MILES-02: Study of Chemotherapy Treatment and Toxicity in Elderly Patients With Advanced Non Small Cell Lung Cancer

This study has been completed.
Information provided by (Responsible Party):
National Cancer Institute, Naples Identifier:
First received: November 17, 2006
Last updated: July 12, 2012
Last verified: July 2012
The main purpose of this study is to describe activity and toxicity of single-agent gemcitabine given as prolonged infusion, and of two 2-drug combinations containing cisplatin (cisplatin + vinorelbine, and cisplatin + gemcitabine) in the treatment of elderly patients with advanced non small cell lung cancer

Condition Intervention Phase
Non Small Cell Lung Cancer
Drug: gemcitabine prolonged continuous infusion
Drug: cisplatin
Drug: vinorelbine
Phase 2

Study Type: Interventional
Study Design: Allocation: Randomized
Endpoint Classification: Safety/Efficacy Study
Intervention Model: Parallel Assignment
Masking: Open Label
Primary Purpose: Treatment
Official Title: Phase II Study of Chemotherapy With Gemcitabine in Prolonged Infusion or With Schedules With Cisplatin in Non-small Cell Lung Cancer Elderly Patients

Resource links provided by NLM:

Further study details as provided by National Cancer Institute, Naples:

Primary Outcome Measures:
  • Activity and toxicity of monochemotherapy with gemcitabine as prolonged infusion
  • Toxicity and activity of 2 standard polychemotherapy cisplatin based treatments (cisplatin and vinorelbine , and cisplatin and gemcitabine

Secondary Outcome Measures:
  • patient quality of life
  • the prognostic significance of the ADL and IADL scales for time to progression and survival
  • exploratory predictive clinical variables for chemotherapy related toxicity
  • exploratory predictive clinical variables for response to chemotherapy

Enrollment: 159
Study Start Date: June 2002
Study Completion Date: April 2007
Primary Completion Date: December 2006 (Final data collection date for primary outcome measure)
Detailed Description:

The study design includes three parallel phase II studies, all with the same rules for patient selection and outcome assessment. In the two studies of cisplatin-based doublets, a dose-finding phase is planned, with subsequent cohorts of 6 patients treated with increasing doses of cisplatin (50-60-70 mg/m²). Following this phase, patients will be assigned to the three studies through a randomization procedure, to reduce selection biases.

Arm A: gemcitabine:

Gemcitabine 1200 mg/m2 intravenously in 2 hours (10 mg/m²/minute) on days 1 & 8 of each cycle, every 21 days, for a maximum of 6 cycles.
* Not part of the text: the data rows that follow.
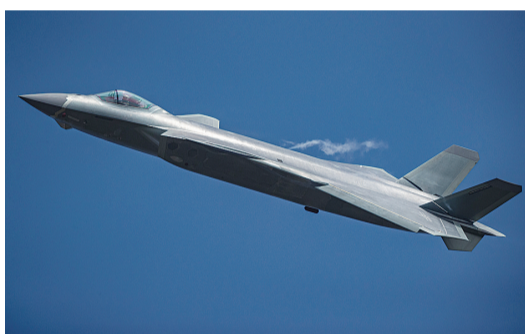
▲空军歼-20战机进行实战化训练(资料照片)

申进科表示,这几年,“空军发布”的声音和歼-20战机的航迹紧密相连。从2016年10月28日首次发布“空军试飞员将驾歼-20飞机亮相中国航展”的消息后,还陆续发布了“歼-20战机组列装空军作战部队”“空军歼-20战机首次开展海上方向实战化训练”等消息,从单机展翅到七机编队,是长空铸剑的航迹,更是强国兴军的航迹。一道道壮阔航迹画出一个同心圆:歼-20志存高远,歼-20走近民众。
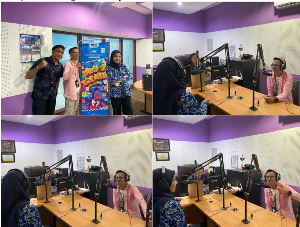
Gambar. 3. Kegiatan Siaran

Tahapan ini adalah tahapan inti dari kegiatan pengabdian. Pada bagian ini, penulis memaparkan materi terkait literasi keuangan yang membahas topik khusus mengenai piramida keuangan. Konsep piramida keuangan ini merupakan konsep keuangan yang menjelaskan bahwa setiap kebutuhan memiliki prioritasnya masing-masing, oleh karenanya anggaran keuangan pun harus disusun sesuai dengan skala prioritasnya masing-masing. Pradinaningsih & Wafiroh, (2022) menjelaskan bahwa anggaran yang disusun sesuai dengan urutan waktu akan dapat lebih terukur dan mudah dikelola. Hal ini tentunya akan membuat keputusan keuangan akan menjadi lebih baik dan efisien.
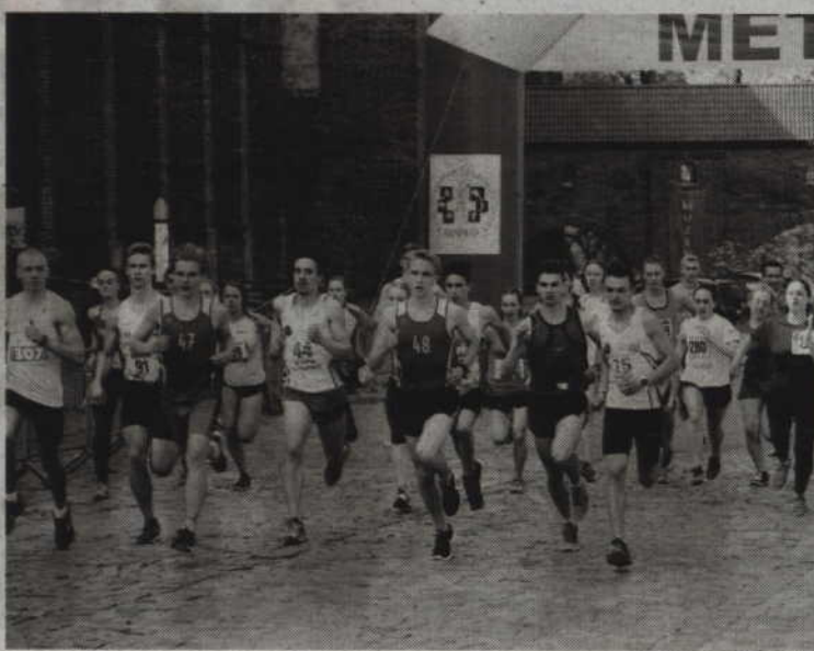
Najstarsi z uczestników biegu rywalizowali na trasie 2 km.

Więcej o zawodach przeczytacie Państwo w kolejnym numerze „Kuriera Kwidzyńskiego”. (fox)
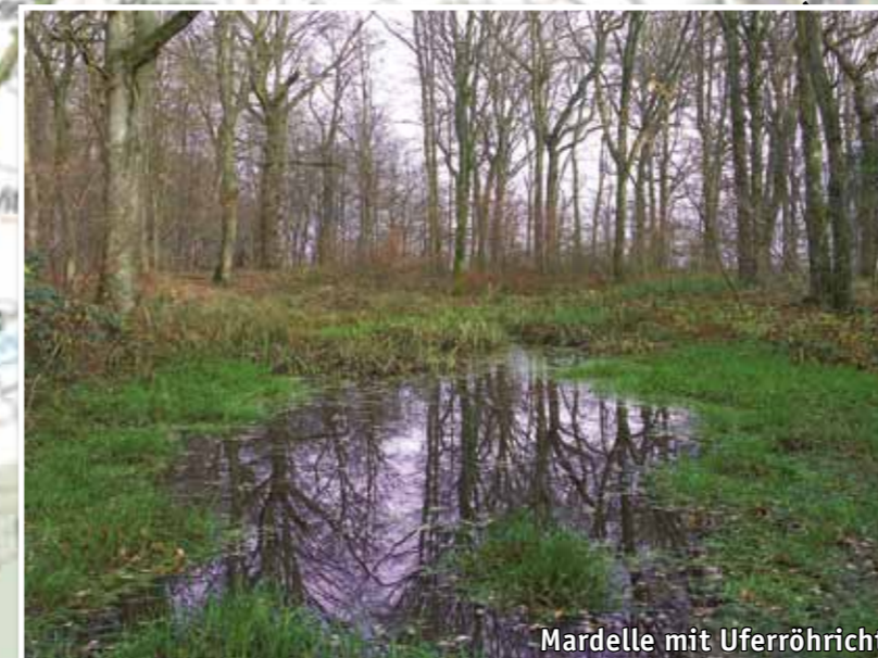
Mardelle mit Uferröhricht
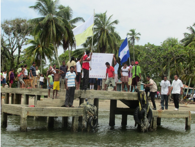
Modtagelse i landsbyen ved flodudmundingen

Området præges af store laguner og mange floder og mange af menighederne ligger ved floderne. Vi besøgte blandt andet to landsbyer, der var meget specielle, fordi de fleste af disse landsbyers indbyggere var Brødre-kirkemedlemmer. Den ene landsby lå hvor en flod løber ud i det Caribiske Hav, folk levede af fiskeri og de kunne både fange havets og lagunens fisk og skaldyr.

Arm B: cisplatin + vinorelbine:

Vinorelbine 25 mg/m² on days 1 & 8, followed by Cisplatin (50 or 60 or 70 mg/m²) on day 1 of each cycle, every 21 days, for a maximum of 6 cycles.

Arm C: cisplatin + gemcitabine:

Gemcitabine 1000 mg/m2,, on days 1 & 8, followed by Cisplatin (50 or 60 or 70 mg/m²) on day 1 of each cycle, every 21 days, for a maximum of 6 cycles.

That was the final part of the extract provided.